Consensus from quality investors that Fairfax are bad investors.

 

Oh. No, but I couldn't care less. Fairfax are value investors. Most "quality" investors look down their nose at that. 

Posted
2 hours ago, petec said:

 

Oh. No, but I couldn't care less. Fairfax are value investors. Most "quality" investors look down their nose at that. 

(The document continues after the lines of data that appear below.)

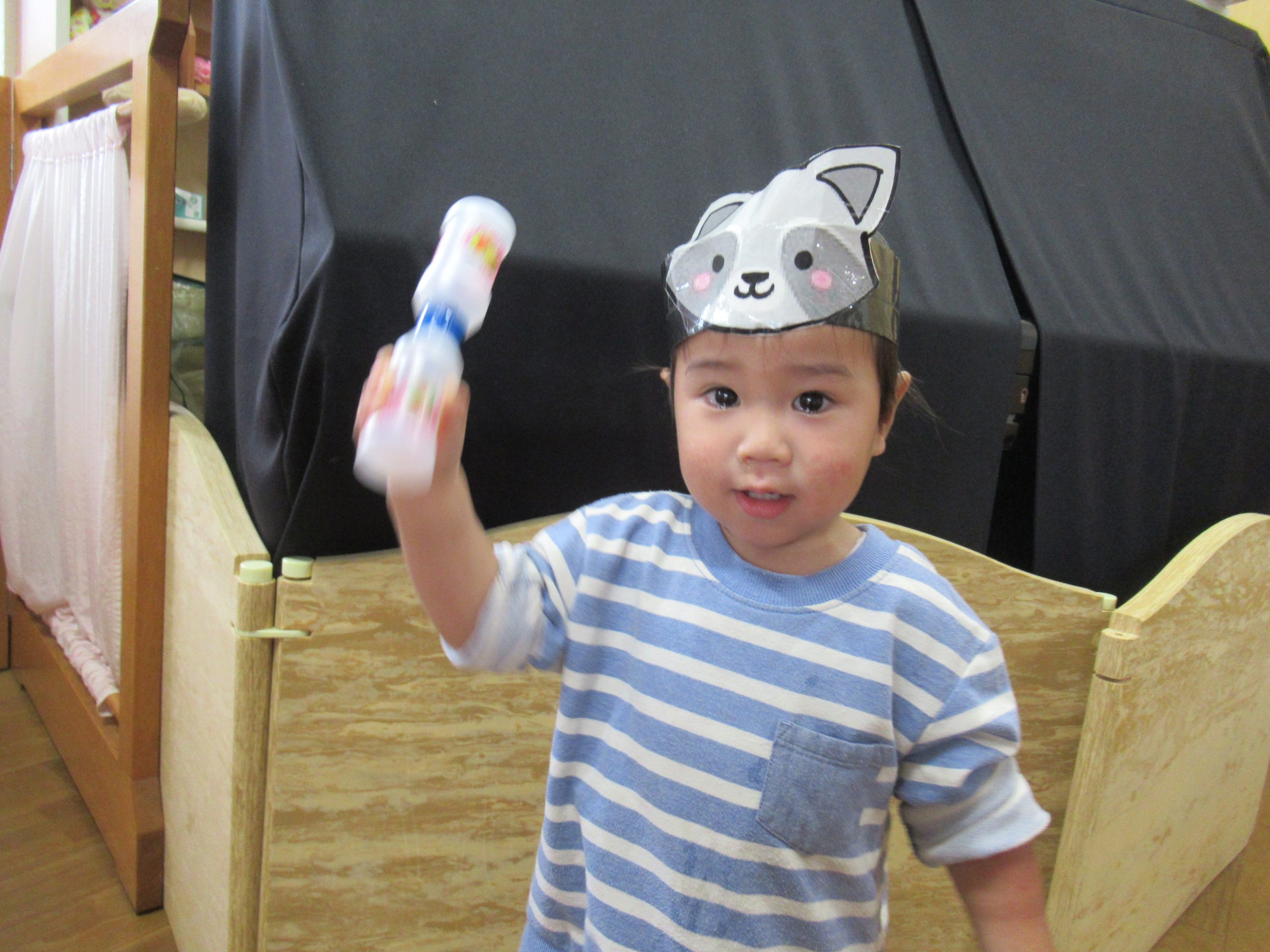 “むっくりくまさん”をして遊びました。♪むっくりくまさん むっくりくまさん…♪の歌が終わった瞬間に、くまさんに捕まらないように逃げなければなりません。始めの内は、みんなが逃げる人になっていましたが、遊んでいく内にくまさんに捕まらないように逃げるルールがわかってきて、交替して遊ぶことが出来ました。
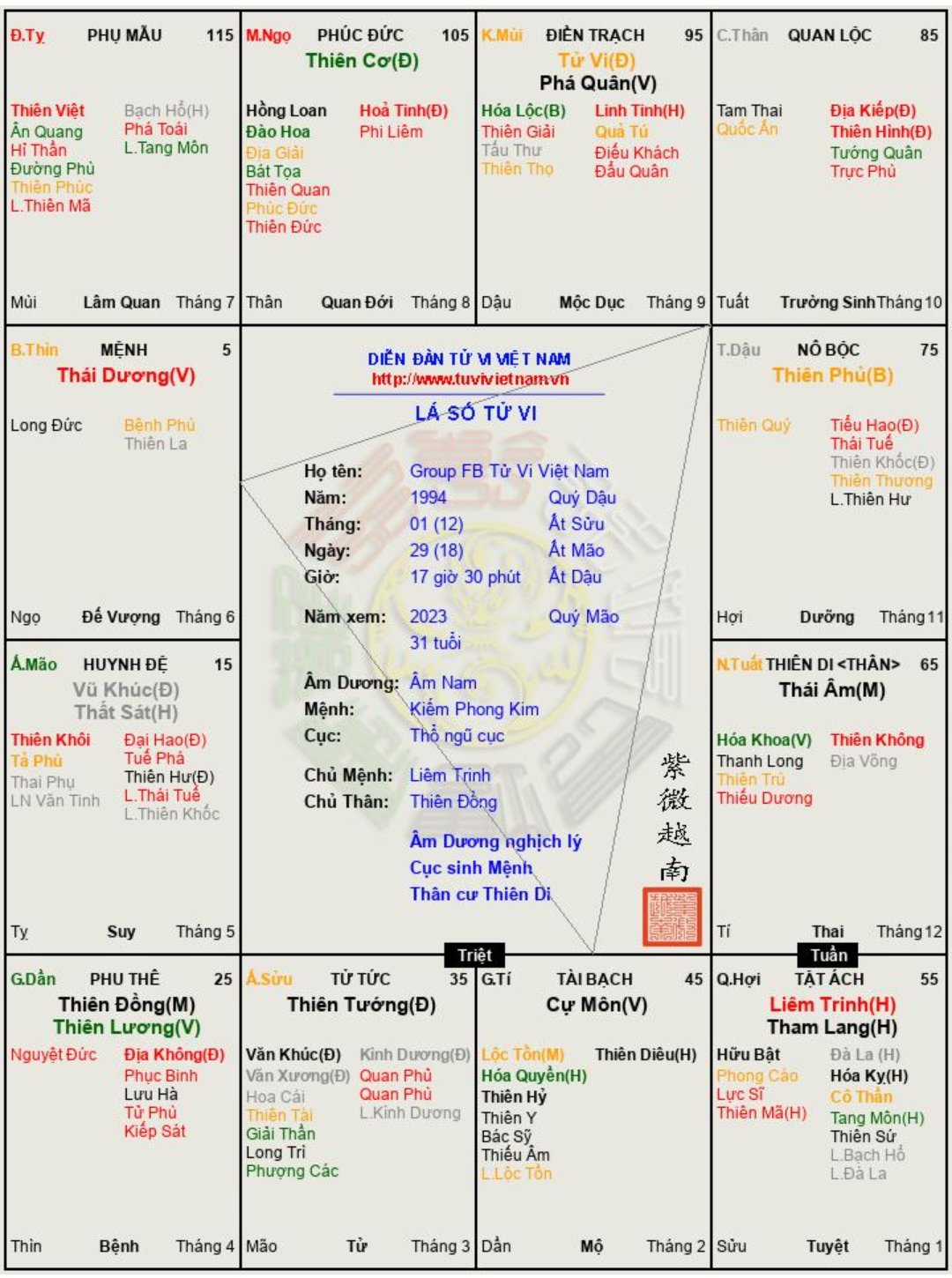 Đây là chuyên mục dành cho việc xem lá số tử vi. Các bài mang tính trao đổi học thuật xin vui lòng đăng trong mục Kiến thức tử vi.
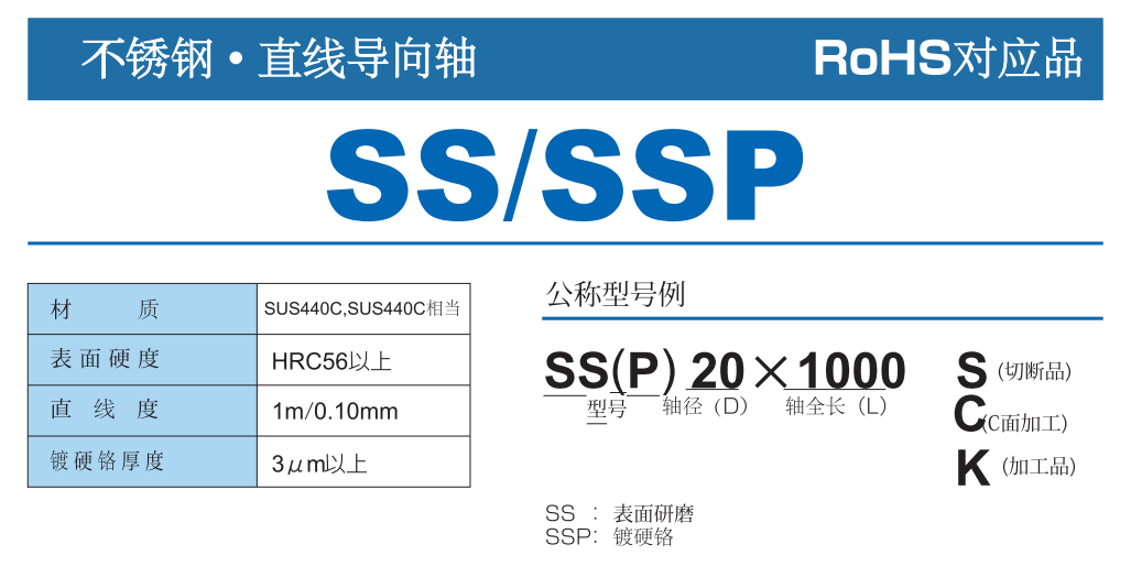 ステンレス・直線ガイド軸:SS-SP
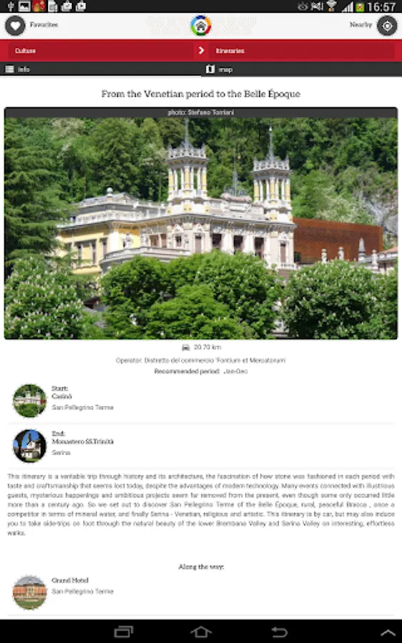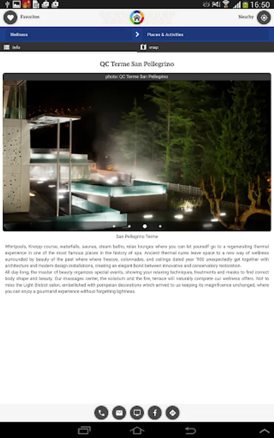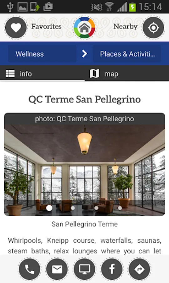 - Interact with the environment thanks to the rich place profiles which include a detailed description, pictures, opening times, telephone and email contacts, driving directions and much more
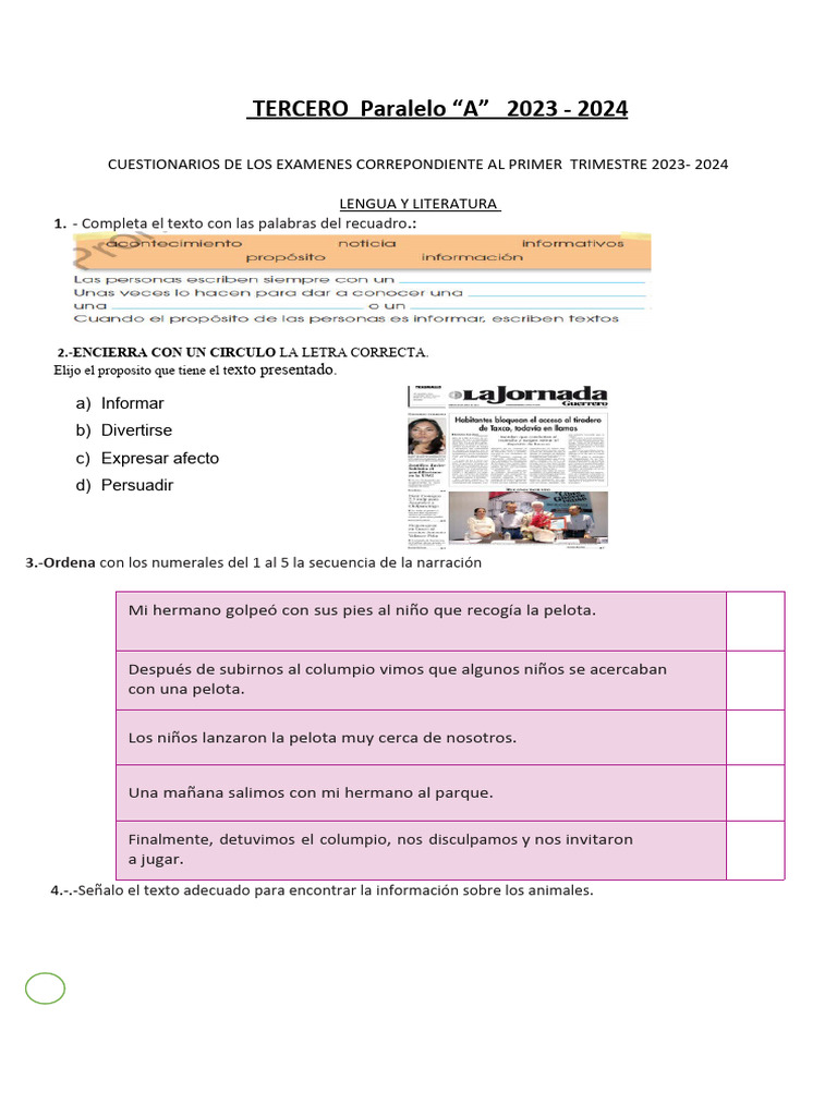 CUESTIONARIOS DE LOS EXAMENES CORREPONDIENTE AL PRIMER TRIMESTRE 2023 - 2024
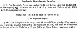Für die gemeinschaftliche Nutzung von Grundbuchskörpern gab es zum Zeitpunkt der Grundbuchsanlegung nur zwei grundsätzliche Möglichkeiten: Einerseits die Nutzung von privatem Gemeinschaftseigentum oder andrerseits die Nutzung von Gründen, die sich im Eigentum von Gemeinden oder Gemeindeteilen befanden. Die Ausführung der Verbücherung dieser beiden Rechtsformen ist gesetzlich normiert, eindeutig und unverwechselbar.
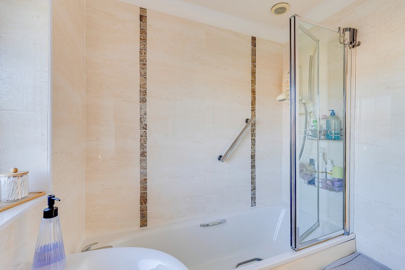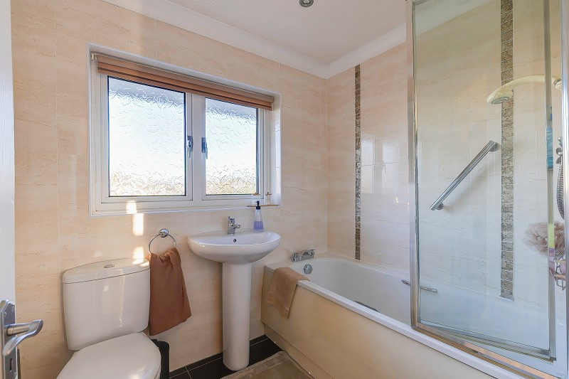 Fitted with a panelled bath with mixer tap, wall mounted shower over and glazed shower screen, pedestal wash hand basin and close coupled WC.
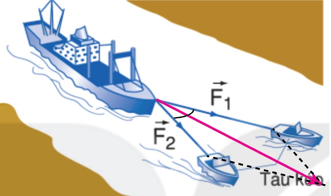 - Tàu chở hàng sẽ chuyển động theo hướng của lực tổng hợp (mũi tên màu hồng) được xác định theo hai lực thành phần
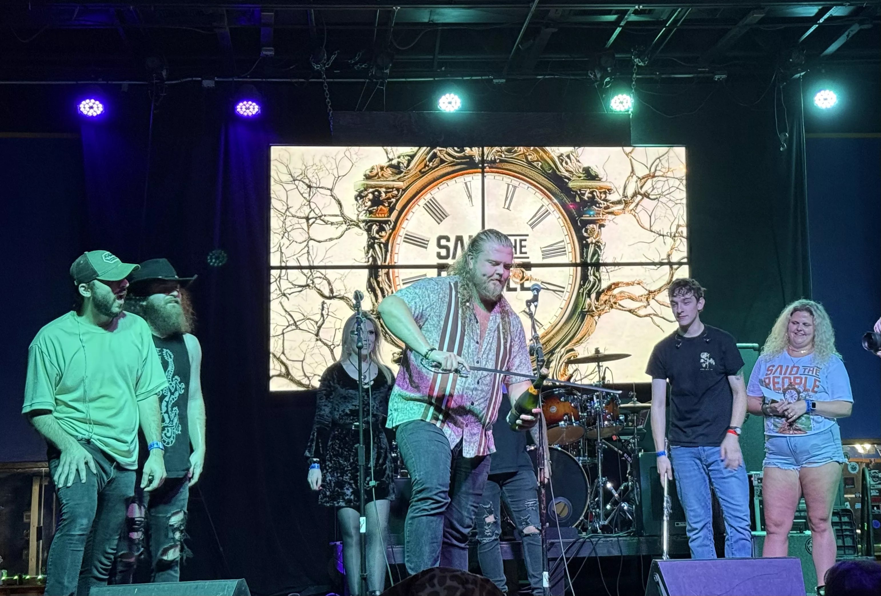 After the show, friends of the band came onstage with a cake and a bottle of Champagne. Bartone announced that Leavoy’s mother’s birthday would have been July 29, and they wanted Leavoy and his sister Lexi to make a wish in her honor. Someone in the crowd produced a saber (yes, an actual saber) to open the Champagne.
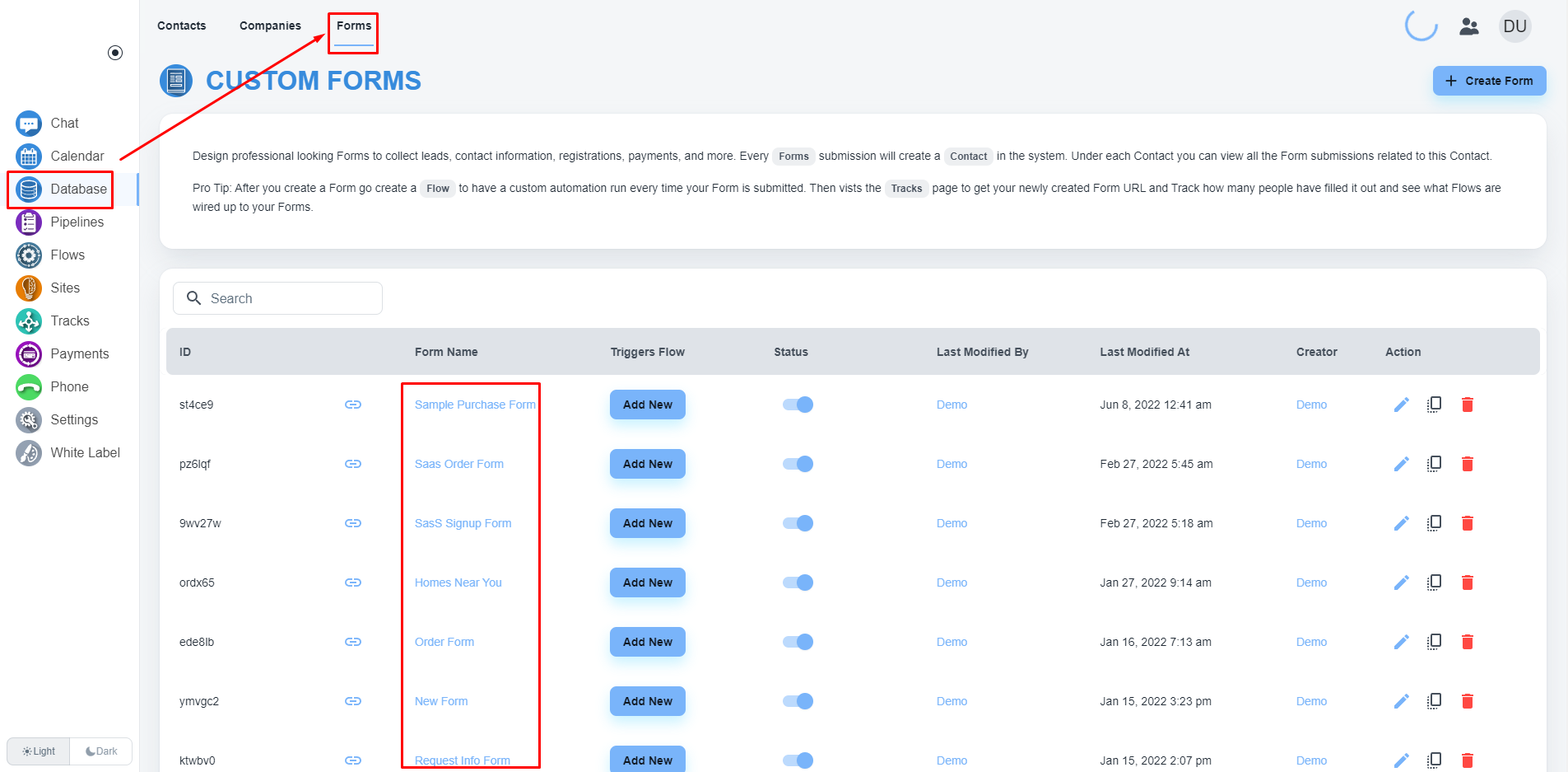 Navigate to the form builder by clicking the “Database” on the left side menu. Then when you have the database page open you will see a link to “Forms” on the top of your page, please click that. Please, open your concerned form.
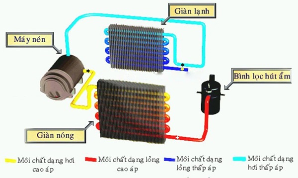 • Máy nén: Nguyên lý hoạt động của máy nén cũng tương tự với chiếc máy bơm chuyên dụng. Nó đảm nhiệm vai trò tuần hoàn môi chất trong hệ thống làm lạnh. Chuyển môi chất từ dạng khí sang dạng lỏng, đồng thời tăng áp suất nhằm đưa môi chất vào dàn nóng.
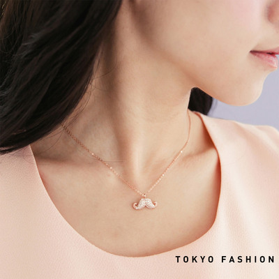 東京著衣 翹鬍子水鑽玫瑰金短項鍊(共一色)

I appreciate that most value investors don’t care why their stocks are cheap but I do because it helps with conviction and to avoid mistakes. 

Posted
14 hours ago, SafetyinNumbers said:


I appreciate that most value investors don’t care why their stocks are cheap but I do because it helps with conviction and to avoid mistakes. 

 

I don't think that's accurate. If you don't know why it's cheap, I am not sure that you really know that it is cheap.

 

But I do think quality investors tend to look down their nose at value investors as some sort of inferior breed or throwback.

 

I am eclectic and do both.

Posted
3 minutes ago, petec said:

 

I don't think that's accurate. If you don't know why it's cheap, I am not sure that you really know that it is cheap.

 

But I do think quality investors tend to look down their nose at value investors as some sort of inferior breed or throwback.

 

I am eclectic and do both.

it's a very anecdotal conversation. I've observed many so called "value investors" or "deep value investors" not understand why things are cheap or have a catalyst for it to change. but there are certainly others who do. 

Posted
45 minutes ago, petec said:

 

I don't think that's accurate. If you don't know why it's cheap, I am not sure that you really know that it is cheap.

 

But I do think quality investors tend to look down their nose at value investors as some sort of inferior breed or throwback.

 

I am eclectic and do both.


I have spoken to thousands of investors over the past 20 years so just sharing what I have observed. Clearly you are exceptional @petec. To that end, why do you think Fairfax and Fairfax India are cheap? 

Posted

petec said:

 

I don't think that's accurate. If you don't know why it's cheap, I am not sure that you really know that it is cheap.

 

1 hour ago, SafetyinNumbers said:


I have spoken to thousands of investors over the past 20 years so just sharing what I have observed. Clearly you are exceptional @petec. To that end, why do you think Fairfax and Fairfax India are cheap? 

 

There are two kinds of 'why it's cheap'. The kind of 'why it's cheap' that value investors care about, is, it's cheap because it trades for 8x last year's earnings in a market that is trading at 25x, I think the earnings are sustainable and will even grow, so that's why I am saying it's cheap. The kind of 'why it's cheap' that a 'quality investor' might use is "it's cheap because, duh, it's an insurance company, it has no moat, it shorted tech companies and bought Blackberry.

 

So a value investor can perfectly well say "I think it's cheap, but I don't know why", meaning that they don't know why the market is giving them such a low offer but they have good reasons to think it's cheap, so it will do well in the long run, even if they don't see any way out of the low multiples. 

  • 2 weeks later...
Posted

I would've preferred the straight copper exposure, but I suppose there are worse outcomes than diversifying with gold.

 

Also, probably puts a higher floor under the share price if we get an economic slowdown here in the mid-term, so maybe not all bad.